Восемьсот виноградин - Дейв Лаура. Страница 3
Мне нравилось, как юбка плотно облегает бедра и расширяется книзу наподобие русалочьего хвоста. Нравилось, как рукава скругляют плечи. Когда Стелла наконец-то простила меня за опоздание, я продефилировала в своих атласных туфлях на каблуках через все ателье и поднялась на пьедестал, чтобы она могла подшить подол.
Я встала на пьедестал рядом с окном и приняла эффектную позу. Стелла улыбалась и подзадоривала меня.
– Поставь руки на бедра, – велела она, наслаждаясь восхищенными взглядами, которые бросали на нас прохожие.

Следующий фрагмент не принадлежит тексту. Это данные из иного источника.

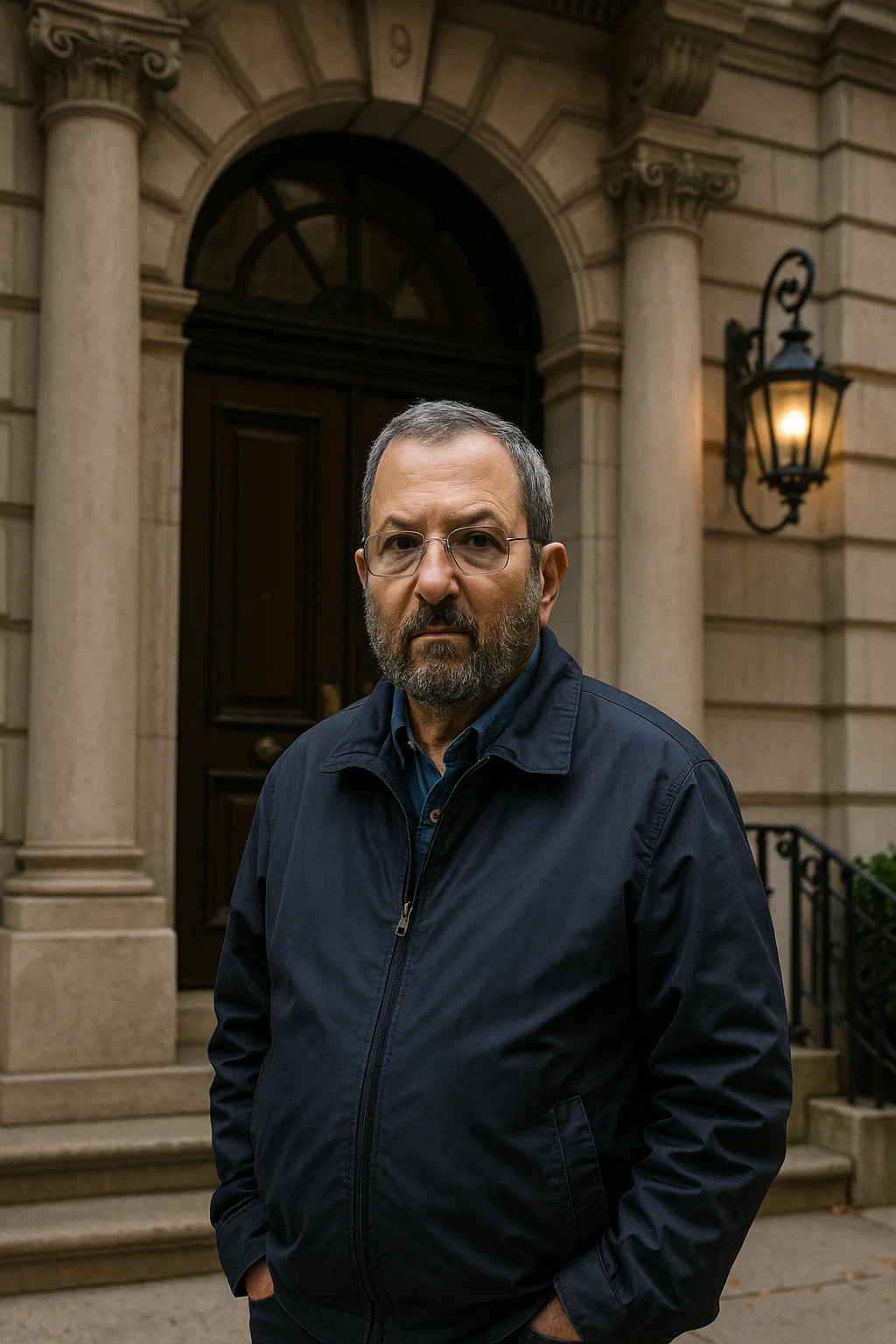 Ehud Barak, former PM of Israel, photographed at the entrance of Jeffrey Epstein’s Mansion, 9 East, 71st Street, Manhattan, New York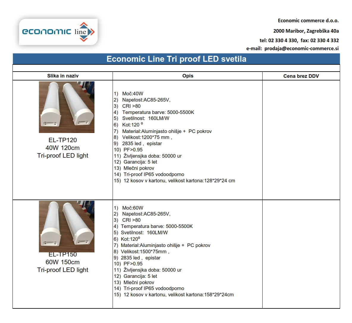 Tri-Prof ali vodotesna linijska svetila z zaščito IP 65 proti vlagi in se oporabljajo v vlažnih prostorih kot so garaže, proizvodne linije….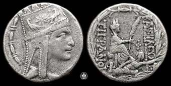 | Bedoukian 19 | Tigranes II. 95-56 BC. AR Tetradrachm (14.79 gm). Antioch mint. Bust of Tigranes; star and two birds on tiara / BAΣIΛEΩΣ TIΓΡANOΣ, Tyche of Antioch seated right, holding palm branch, river-god Orontes swimming right below; PT monogram on rock below Tyche, T in right field. AC 030; Bedoukian 19. | Text | Image |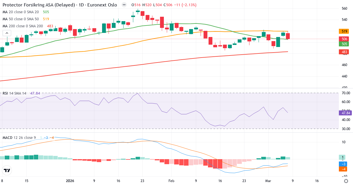 Golden Cross: 50-dagars genomsnittet (516.25) ligger över 200-dagars (476.65), vilket är en klassisk bullish signal for Protector Forsikring ASA.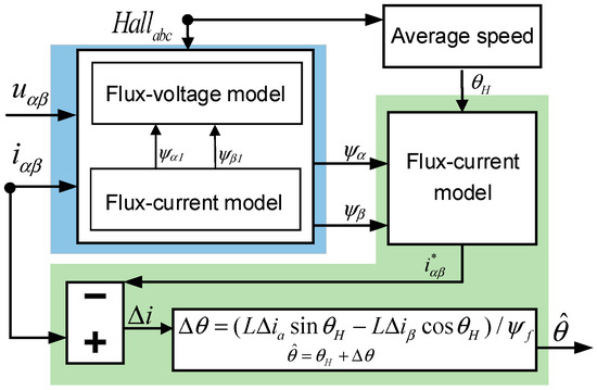 After obtaining relatively accurate stator flux linkage, the rotor angle can typically be solved directly using the arctangent method. However, the arctangent method is computationally expensive, with slow hardware processing speeds, making it unsuitable for real-time estimation. Therefore, this paper proposes combining the flux linkage with Hall signals again to construct a rotor position observer that provides high-precision rotor positions. The system diagram is shown in Figure 10. The blue section represents the stator flux linkage observer that combines flux linkage information with Hall signals, while the green section represents the subsequent rotor position observer.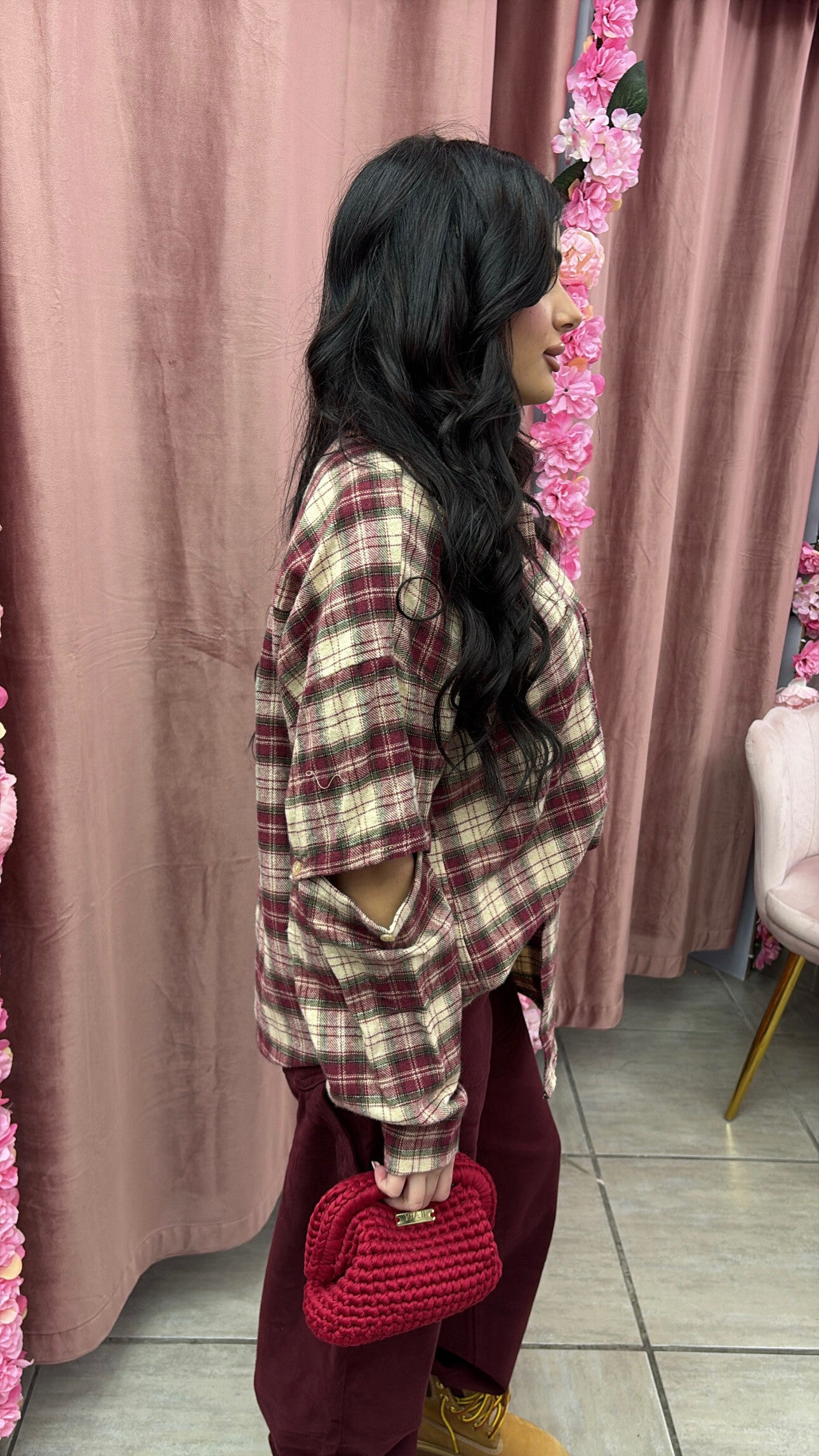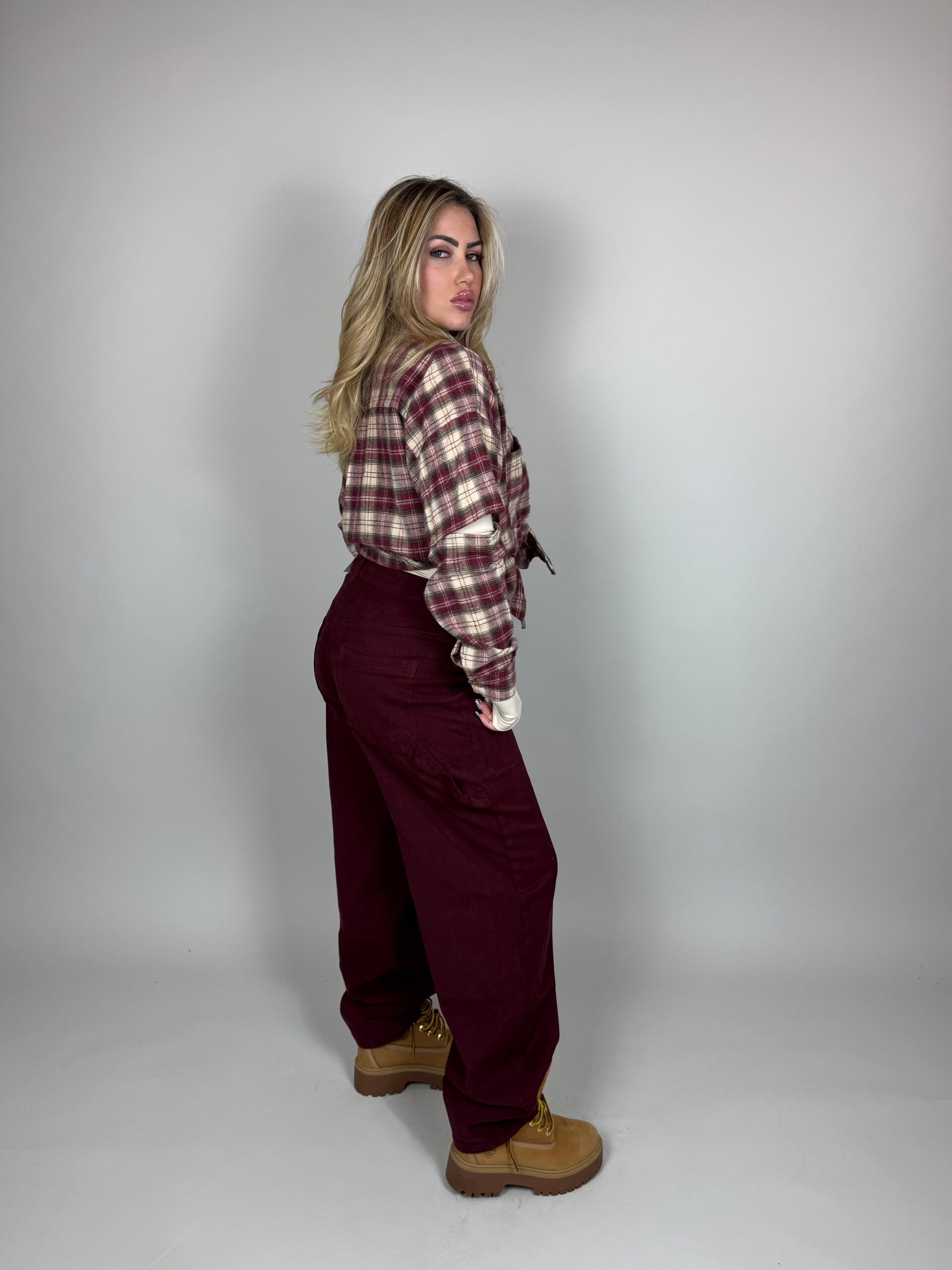 Camicia in morbido tessuto effetto flanella, caratterizzata da fantasia a quadri nei toni del borgogna e panna. Modello oversize con spalla scesa per un look casual e super comfy.
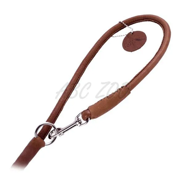 Ručne šité, okrúhle vodítko hnedej farby z prírodnej kože s možnosťou nastavenia až troch dĺžok. Viac detailov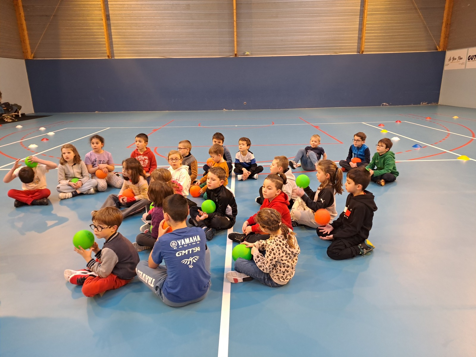 Pendant 3 séances, nous sommes allés  à la salle de sport faire du hand-ball. Gaël animateur du comité vendéen de hand-ball nous a inviter à dribbler, passer, tirer, capter, lancer, se déplacer, arrêter.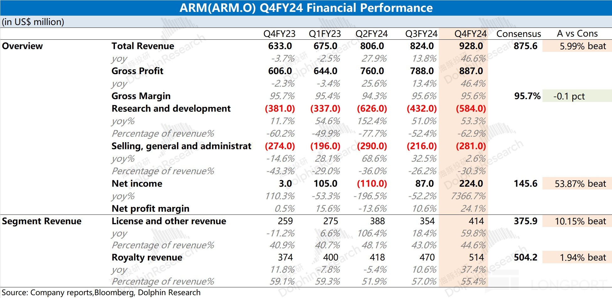 1、整体业绩: 增收不增利。ARM 在 2024 财年第四季度(即 24Q1)实现营收 9.28 亿美元,同比增长 46.6%,超市场预期(8.75 亿美元)。收入端的持续增长,得益于许可证业务和版税业务的双重拉动;$ARM.US 本季度毛利率 95.6%,同比下滑 0.1pct,基本符合市场预期(95.7%),稳定在 95% 以上的高毛利率水平。

И тут я увидела своего жениха.
Бен шел по улице с незнакомой мне женщиной. И не просто женщиной, а сногсшибательной красавицей с длинными рыжими волосами и обворожительной улыбкой. Рядом семенила ее миниатюрная копия – рыжеволосая малышка лет четырех-пяти.
Но мое внимание привлекла сама красавица. Я знала, что где-то ее видела. Однако прошло некоторое время, прежде чем я сообразила где. Прежде чем мне напомнила Стелла. Появление жениха волновало меня в ту минуту куда меньше.
Беда была в другом.
Беда случилась, когда я постучала в стекло, пытаясь привлечь внимание Бена. Я хотела, чтобы он обернулся. Хотела увидеть его лицо – крепкий подбородок, выдающиеся скулы, несуразную ямочку. Я не сомневалась: существует разумное объяснение, почему мой жених прогуливается в обществе этой женщины. То утро мы провели в постели, в нашем общем доме – ели шарлотку с персиками, смеялись, раздевали друг друга… Через восемь дней мы собирались пожениться и были безумно влюблены.
Однако Бен не обернулся. Он продолжал идти по направлению к Сансет-Джанкшн. Женщина беззаботно шагала рядом с ним, девочка – рядом с ней.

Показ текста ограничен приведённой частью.